The typical credit union board member is a 61‐year‐old white male who has served on the board for well over a decade—and has a good chance of doing so for many years to come.
As valuable as this director may be, few credit unions have a reliable system for attracting the next generation of board members, according to a white paper commissioned by CUNA’s Community Credit Union Committee.
“Effective Credit Union Board Succession Planning: New Demand” asks, “If credit unions do not successfully find this next generation of board members how will the industry effectively compete in the future?”
The white paper suggests 10 recommendations for better board succession planning.
1. Identify board diversity goals
Start with a “skills and experience” matrix. This will allow you to evaluate current and desired skills and pinpoint areas of strength and weakness.
Review and update the matrix regularly, taking into account your credit union’s life cycle. A credit union in growth mode, for instance, will require different skills and experience from board members than a credit union that is in contraction.
In addition to hard skills, try to capture elements such as flexibility and the ability to work with others. Consider aiming for a range of ages, ethnicities, backgrounds, and gender.
2. Develop an ‘evergreen’ list
Don’t wait until you have a board need. Instead, maintain an evolving and constant list of potential candidates.

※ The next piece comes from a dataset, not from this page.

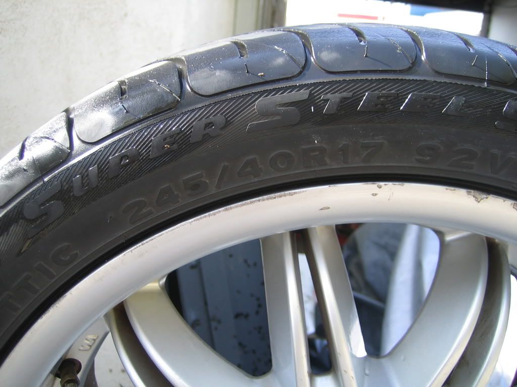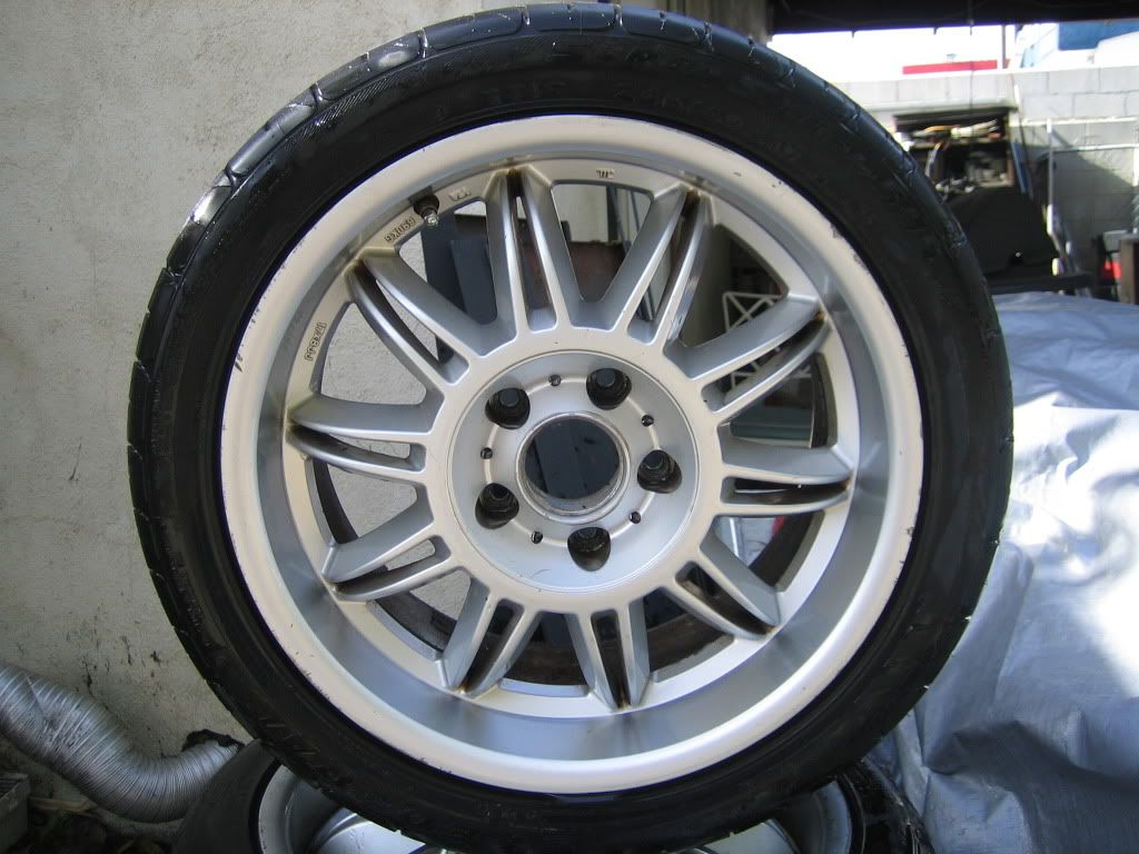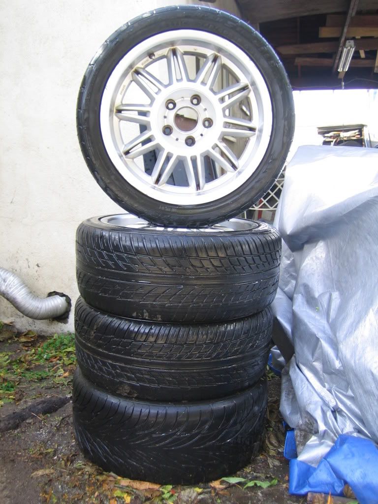 Two rims have almost new Federal 595 tires on them 245-40-17 and the other two have almost new no name 235-40-17 tires.

Involve credit union staff in your search—branch managers can be particularly good sources for pinpointing potential board members.

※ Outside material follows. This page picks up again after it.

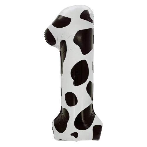 Шар (40''/102 см) Цифра, 1 Пятнышки, Черный/Белый, 1 шт. в уп., 23771

Also include nominating committee members, the board of directors, and the CEO.
3. Widen your search
In many credit unions, the search for new board members is limited to acquaintances and colleagues of the current board. This practice tends to result in a new board that looks a lot like the old one.
It and can also mean that new board members have allegiances that make it difficult for them to question the status quo.
Look for ways to tap into the broader community through business and service organizations, referral agencies, and advertising.
4. Create a CEO/board partnership
Board members and the CEO must create an atmosphere where information is shared, assumptions are questioned, and divergent views are aired.
Creating a CEO/board partnership is critical to ensuring future board members can work well with the full board and the CEO.
5. Create an associate director program
A well‐run associate director program can greatly aid board succession planning efforts. This program can be viewed as a proving ground for future board members in a low‐cost, low‐risk context.
6. Institutionalize board succession planning
There’s no denying the value of long‐term board members. Their strong institutional knowledge and commitment to the credit union are valuable and much appreciated.
But it’s important to balance longevity with the benefits of new perspectives and fresh energy. Consider implementing written policies (term limits, associate directors, etc.) to ensure a rigorous board succession planning process.
As credit union stewards, board members have a unique responsibility to put effective succession planning processes in place.
7. (Re)consider term limits
Term limits aren’t commonplace in credit unions today. Some reasons for this are legal while others are strategic.
But term limits can play a positive role in the health of the credit union’s board. Talk to credit union peers using term limits to discuss the efficacy of this approach at your credit union.
8. Use the CU brand as a recruiting tool
A strong brand will help drive potential volunteers to the credit union. If your credit union isn’t widely recognized locally, chances are you haven’t effectively communicated the unique and inspiring value you represent.
Develop tactics to brandish your image more aggressively. There’s no denying the power of potential volunteers coming to your credit union due to its well‐respected place in the community.
9. Implement director self‐evaluation
Board self‐evaluations allow you to create an objective conversation around board performance issues. These types of conversations don’t typically exist because most boards lack information about their performance.
And, perhaps most difficult of all, you must be willing to remove members from the board who don’t meet performance goals.
10. Require continuing education
Although increased board diversity combined with professional expertise and experience will help you create a better board, these traits aren’t enough. Board members will only gain and maintain needed knowledge and proficiency with ongoing education.
Continuing education policies aren’t just “feel good” measures—they correlate strongly with good governance. “Effective Credit Union Board Succession Planning” reports that all credit unions ranked in the top 10% of governance had continuing education policies in place, compared to only 11% among those in the bottom 10%.